EXERCISE BRIEF: Wherever a picture sits, omit it. Output the rest of the listing exactly.
Segment Start: GIVEN MATERIAL
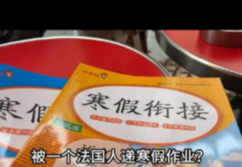 突然背后餐廳的服務員走了出來,上去就遞過來了兩本寒假作業,看到這一幕,這名視頻博主也是一頭霧水,難不成惡補寒假作業的風,都吹到了法國巴黎嗎?
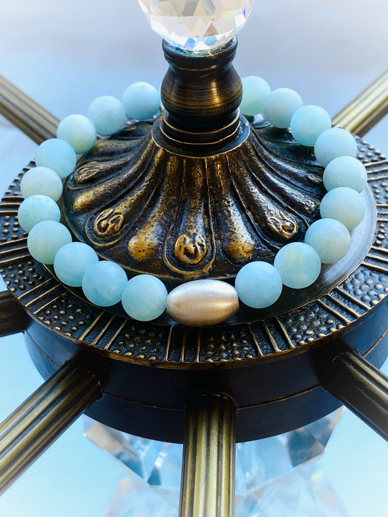 Perlen: Aquamarin matt 8mm mit gebürsteter Silber-Olive
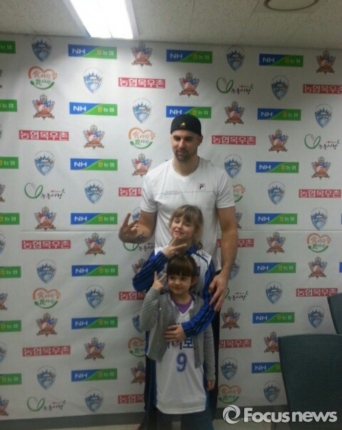 이날 그로저는 기자회견장에 각각 8살과 5살인 딸 레아나와 로레인을 대동해 눈길을 끌기도 했다. 그로저는 "아내와 두 딸이 나의 전부"라며 무한한 가족 사랑을 과시했다. 그로저는 한국에서 함께 머물던 가족과 함께 30일 독일로 출국해 독일 대표팀의 일원으로 2016 리우올림픽 예선에 출전할 예정이다.삼성화재 배구선수 그로저와 그의 두 딸 레아나(사진 중앙), 로레인(사진 하단). <사진=차상엽 기자> 2015.12.29 차상엽 기자
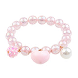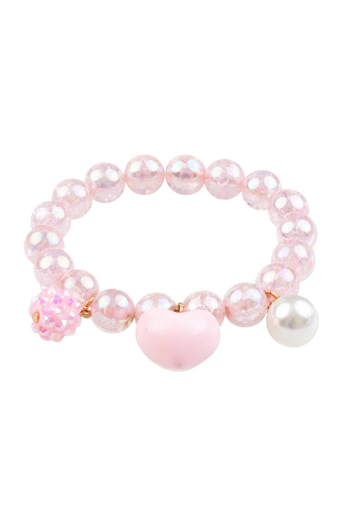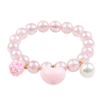 This bracelet has just the right amount of pink and pearl! Round pink beads are accented by three charm pendants: a multifaceted shiny pink bead, a heart pearl pendant and a pearl pendant trimmed in glittery gold details.
Segment End: GIVEN MATERIAL
RESULT OF THIS TASK:
 突然背后餐廳的服務員走了出來,上去就遞過來了兩本寒假作業,看到這一幕,這名視頻博主也是一頭霧水,難不成惡補寒假作業的風,都吹到了法國巴黎嗎?
 Perlen: Aquamarin matt 8mm mit gebürsteter Silber-Olive
 이날 그로저는 기자회견장에 각각 8살과 5살인 딸 레아나와 로레인을 대동해 눈길을 끌기도 했다. 그로저는 "아내와 두 딸이 나의 전부"라며 무한한 가족 사랑을 과시했다. 그로저는 한국에서 함께 머물던 가족과 함께 30일 독일로 출국해 독일 대표팀의 일원으로 2016 리우올림픽 예선에 출전할 예정이다.삼성화재 배구선수 그로저와 그의 두 딸 레아나(사진 중앙), 로레인(사진 하단). <사진=차상엽 기자> 2015.12.29 차상엽 기자
 This bracelet has just the right amount of pink and pearl! Round pink beads are accented by three charm pendants: a multifaceted shiny pink bead, a heart pearl pendant and a pearl pendant trimmed in glittery gold details.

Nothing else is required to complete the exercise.